Tensions Higher Than Ever Over North Korea

Todd Wood By Thursday, 05 March 2015 02:42 PM EST Current | Bio | Archive

America’s lake and the Pacific Rim are becoming a very dangerous place due to abdication of American leadership in the region. After decades of maintaining a vast security structure to maintain hard-fought gains in democracy for her allies and her own national security, pax Americana is a disappearing concept and America’s adversaries are noticing. This makes the possibility of war all the more likely.
After a press trip and briefing at the demilitarized zone recently, I was struck by the heightened tensions on the Korean Peninsula. It’s been a year since there has been high-level talks at the DMZ between the UNC Military Armistice Commission and its North Korean counterpart. There are routine issues that need to be dealt with on a recurring basis and the lack of communication is dangerous and could lead to confrontation.
This refusal to communicate seems to stem from Kim Jong Un’s desire to show aggression toward the South in an apparent bid to consolidate power and blackmail the West for additional food and help for his starving population.
After many acts of aggression by the North like the sinking of the South Korean ship, the Cheonan, South Korean forces no longer require permission from the general staff in Seoul to return fire on North Korean forces. Commanders in the field can make this real-time decision. It is obvious how this could lead to a military crisis, one that could spiral quickly out of control and turn into a full-scale war.
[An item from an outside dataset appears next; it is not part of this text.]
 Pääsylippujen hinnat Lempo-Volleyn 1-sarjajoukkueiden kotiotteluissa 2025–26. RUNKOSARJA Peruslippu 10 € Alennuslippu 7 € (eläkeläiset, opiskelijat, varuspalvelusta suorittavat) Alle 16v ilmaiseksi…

North Korea is also reported to be developing a submarine-launched ballistic missile system that could make defeating their nuclear threat much more difficult. With missile systems already being tested in repeated missile launches over Japan and in the direction of the United States, Alaska and the east coast of the U.S. are threatened as well.
However, analysts I spoke with in South Korea this week said that many American allies feel that all of the promises the United States has made for their security simply won’t hold. They don’t trust the Obama administration.
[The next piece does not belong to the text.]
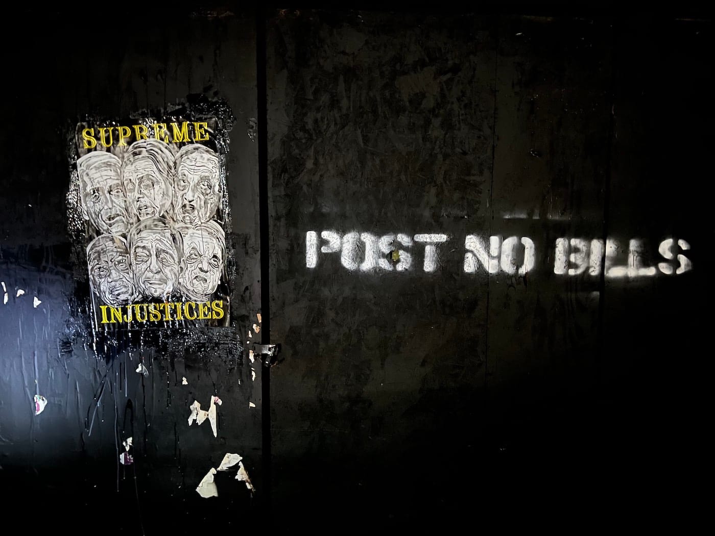 Hundreds of copies of the LA-based guerrilla poster artist Robbie Conal’s latest work, “Supreme Injustices,” were pasted up from Venice to Los Feliz.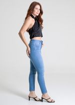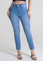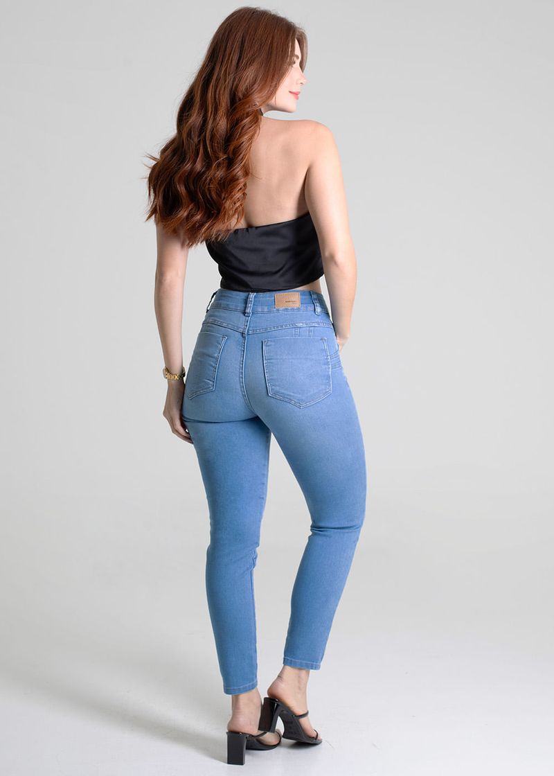 Calça levanta bumbum confeccionada em jeans. A modelagem tem quatro pences que valorizam as formas. Cintura médio Fechamento com botão metálico e zíper Bolsos frontais falsos e bolsos traseiros funcionais Barra simples Tecido: Jeans Tipo de lavagem: Azul Cor: Azul Claro

Today the South Korean government is pushing to construct a peace park in the demilitarized zone. They are also lobbying the United Nations to establish its fifth command operation in the DMZ, seeming to think this will lead to lasting peace in Korea. It is obvious to me that the only thing that will maintain peace are the annual live fire exercises the United States and the Republic of Korea conduct each year to maintain the readiness of the U.N. military capability to deter aggression by the North. In short, it’s the live fire exercises, stupid!
In addition to North Korea, China is reasserting itself in northeast Asia as her military power grows. Territorial disputes are inflaming tensions between China and America’s allies. There is fear that Japan will change its constitution to become more adventurous militarily. Tensions between South Korea and Japan still simmer today over apologies for Japanese aggression and the "comfort women"issue that still causes pain for Korean citizens.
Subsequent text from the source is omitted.